### REQUIRED ACTION:
Retype the listing exactly, with no images.

### DATA SECTION:
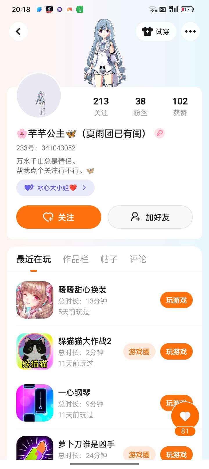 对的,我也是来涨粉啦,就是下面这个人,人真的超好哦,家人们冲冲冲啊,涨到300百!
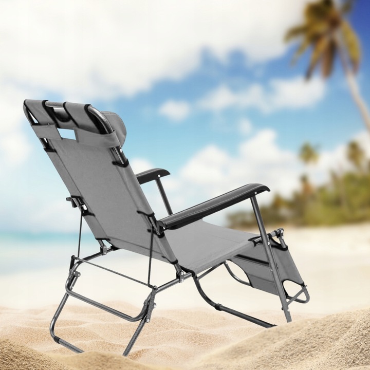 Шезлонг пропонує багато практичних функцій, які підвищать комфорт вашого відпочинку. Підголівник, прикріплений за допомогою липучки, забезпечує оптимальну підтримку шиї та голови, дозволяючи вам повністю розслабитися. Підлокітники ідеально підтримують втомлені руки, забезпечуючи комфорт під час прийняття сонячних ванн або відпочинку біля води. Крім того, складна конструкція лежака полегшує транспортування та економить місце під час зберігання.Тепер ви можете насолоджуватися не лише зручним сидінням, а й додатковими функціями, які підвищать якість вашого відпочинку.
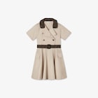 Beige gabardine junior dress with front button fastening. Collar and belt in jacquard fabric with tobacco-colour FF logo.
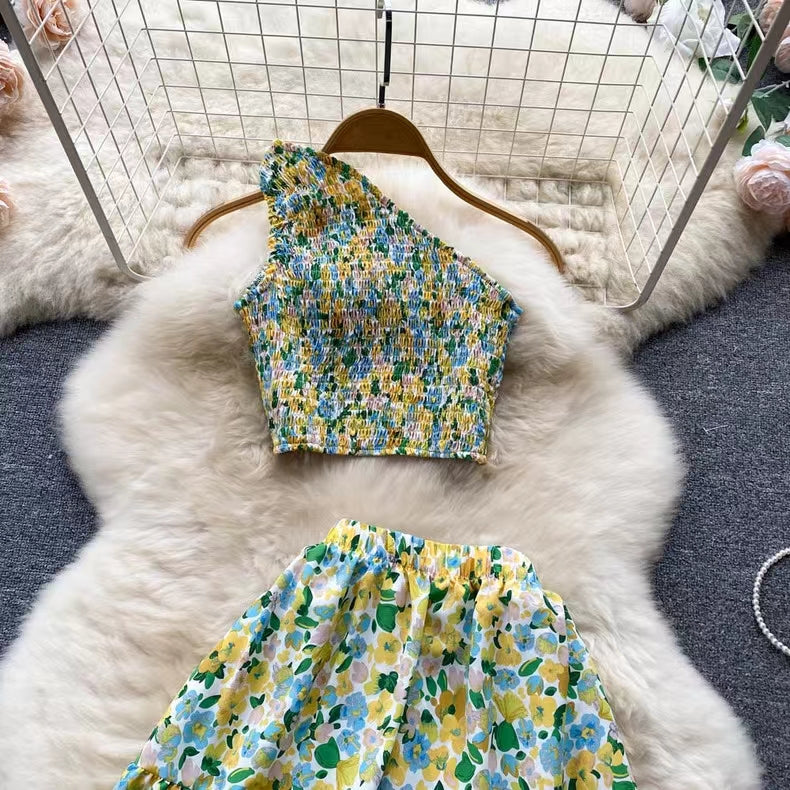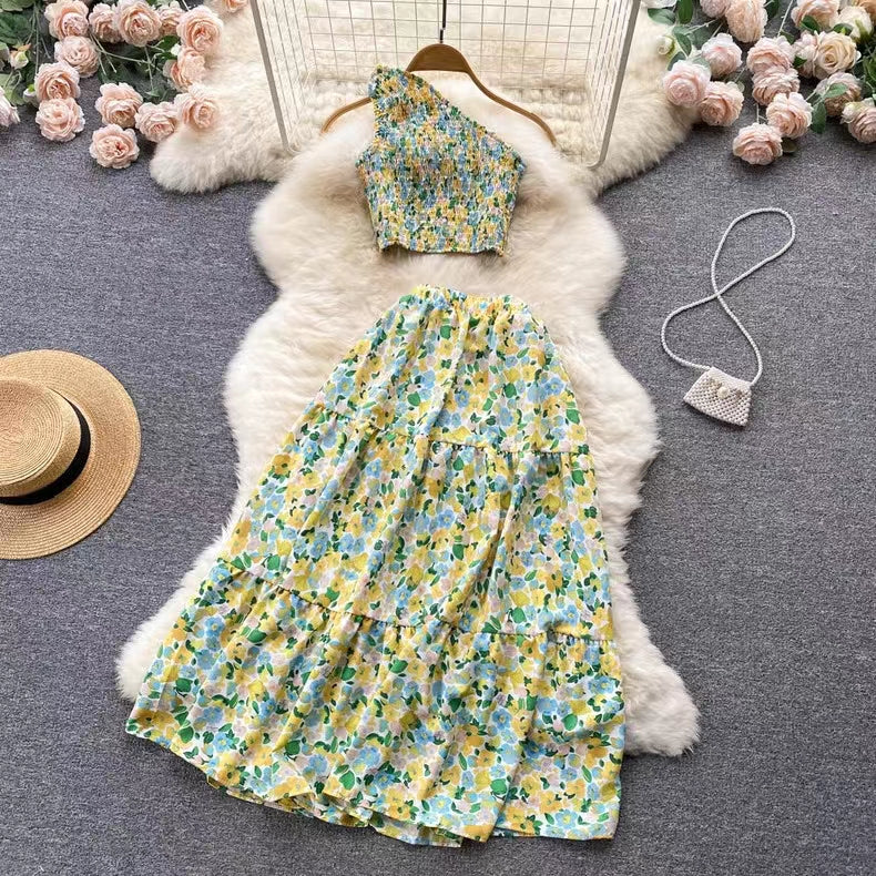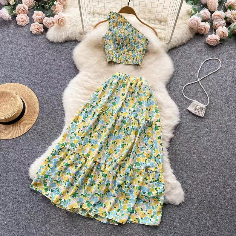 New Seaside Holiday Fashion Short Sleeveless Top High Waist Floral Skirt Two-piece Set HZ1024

### COMPLETED EXERCISE:
 对的,我也是来涨粉啦,就是下面这个人,人真的超好哦,家人们冲冲冲啊,涨到300百!
 Шезлонг пропонує багато практичних функцій, які підвищать комфорт вашого відпочинку. Підголівник, прикріплений за допомогою липучки, забезпечує оптимальну підтримку шиї та голови, дозволяючи вам повністю розслабитися. Підлокітники ідеально підтримують втомлені руки, забезпечуючи комфорт під час прийняття сонячних ванн або відпочинку біля води. Крім того, складна конструкція лежака полегшує транспортування та економить місце під час зберігання.Тепер ви можете насолоджуватися не лише зручним сидінням, а й додатковими функціями, які підвищать якість вашого відпочинку.
 Beige gabardine junior dress with front button fastening. Collar and belt in jacquard fabric with tobacco-colour FF logo.
 New Seaside Holiday Fashion Short Sleeveless Top High Waist Floral Skirt Two-piece Set HZ1024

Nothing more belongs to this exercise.